En ese sentido, remarcó que en algunos hogares, luego de regresar de la escuela, la única comida que queda por realizar es la cena antes de ir a dormir. Por eso, consideró que la institución cumple una función que va mucho más allá de la transmisión de contenidos.
“Acá los chicos tienen cubierta la mayor parte de las necesidades alimentarias”, sostuvo.
LAS DISTANCIAS Y LAS DIFICULTADES DEL INTERIOR
El trabajo docente en Juanillo también implica afrontar dificultades vinculadas con las distancias, el transporte y el acceso a recursos.
Valeria contó que los docentes deben recorrer aproximadamente 25 kilómetros para llegar hasta la escuela y que, en muchas ocasiones, se organizan entre colegas para trasladarse en vehículos particulares o recurren a las motocicletas.
La mayoría de los estudiantes pertenece a la zona, aunque también concurren entre cuatro y cinco niños provenientes de Villa Atamisqui.
A pesar de las dificultades, la docente destacó el compromiso cotidiano para sostener la educación y el acompañamiento de los alumnos.
“NOS ACOSTAMOS A DORMIR A LAS 7 PORQUE DESPUÉS ME DA HAMBRE”
Entre las experiencias que más la marcaron durante sus años de docencia, Valeria recordó especialmente la conversación que mantuvo con uno de sus alumnos durante un recreo.
“¿Sabés que nosotros nos acostamos a dormir a las 7?”, le dijo el niño.

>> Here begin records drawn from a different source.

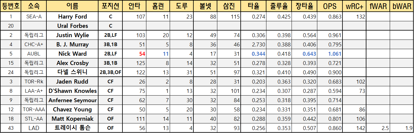 | 24 | 독립리그 | 다넬 스위니 | 2B,3B,OF | 122 | 13 | 31 | 51 | 97 | 0.321 | 0.410 | 0.490 | 0.900 | |||
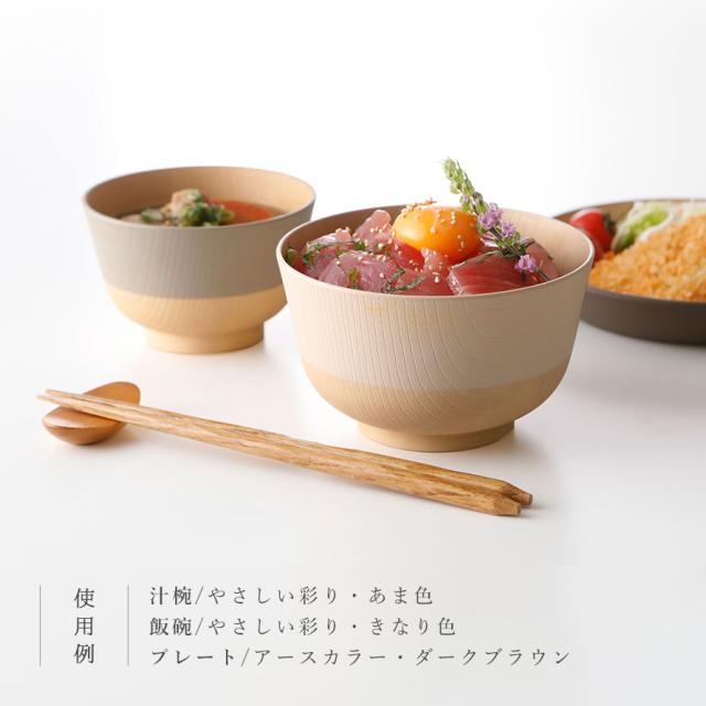 天然木のようなぬくもりとやさしい色合いが魅力の、抗菌仕様お椀。日本伝統色を活かした「やさしい彩り」シリーズの汁椀は、軽くて割れにくい樹脂製ながら、上品な木目調の風合いを再現しています。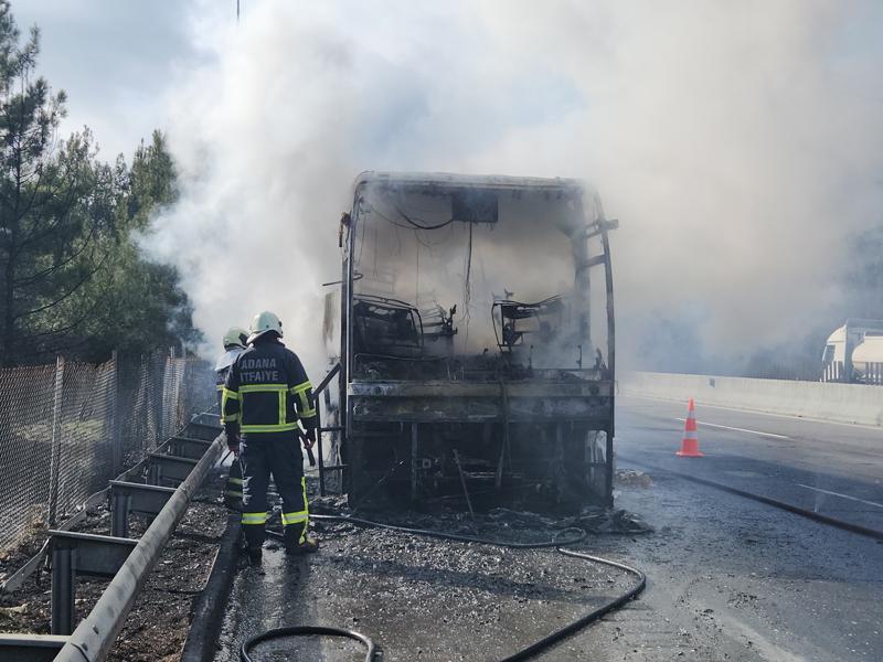 Adana'dan Yalova'ya giden Yılmaz Üner'in kullandığı içinde 8 yolcu bulunan otobüs, Adana-Pozantı Otoyolu'nun Akçatekir mevkisinde motor kısmından alev aldı.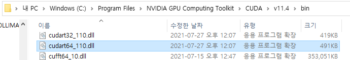 (cuda_11.4.1_471.41_win10.exe 약 2.8기가)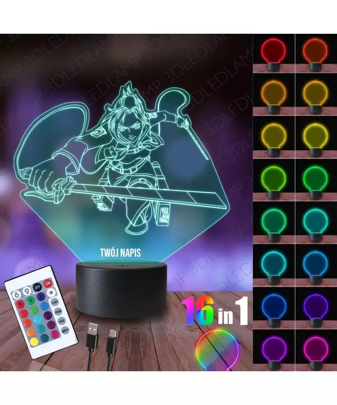 Lampka Nocna 3D LED LAMP Attack On Titan Annie Lionhart

Sorprendida, la docente le preguntó por qué se acostaba tan temprano. La respuesta la impactó profundamente:
“Porque cuando llega la noche y me dé hambre voy a estar dormido. Y al otro día voy a venir a la escuela y voy a comer en la escuela”.
Para Valeria, aquella frase fue mucho más que una anécdota. Fue una muestra concreta de las necesidades que atraviesan algunos de sus alumnos y sus familias.
“Eso es algo que me marcó muchísimo. Buscaba la manera de ayudarlo”, relató.
A partir de esa situación, recurrió también al Club Atlético Villa Atamisqui CABA, al que define como “el club de mis amores”. Desde allí, junto con otras personas, comenzaron a reunir mercadería y ropa para acercarlas a las familias que más lo necesitaban, entre ellas la del niño y su grupo familiar.
La experiencia resume, en buena medida, la mirada que Valeria tiene sobre la docencia: enseñar, acompañar, escuchar y conocer la realidad de cada estudiante para intentar brindar respuestas más allá del aula.
En Juanillo, su tarea cotidiana se desarrolla entre clases, recreos, talleres y actividades, pero también entre historias familiares, necesidades y vínculos que convierten a la escuela en un punto de referencia para toda la comunidad.
Para Valeria Ríos, ser docente del interior santiagueño significa, en definitiva, estar presente. No solamente para enseñar, sino también para acompañar a sus alumnos y convertirse en un referente para ellos y sus familias.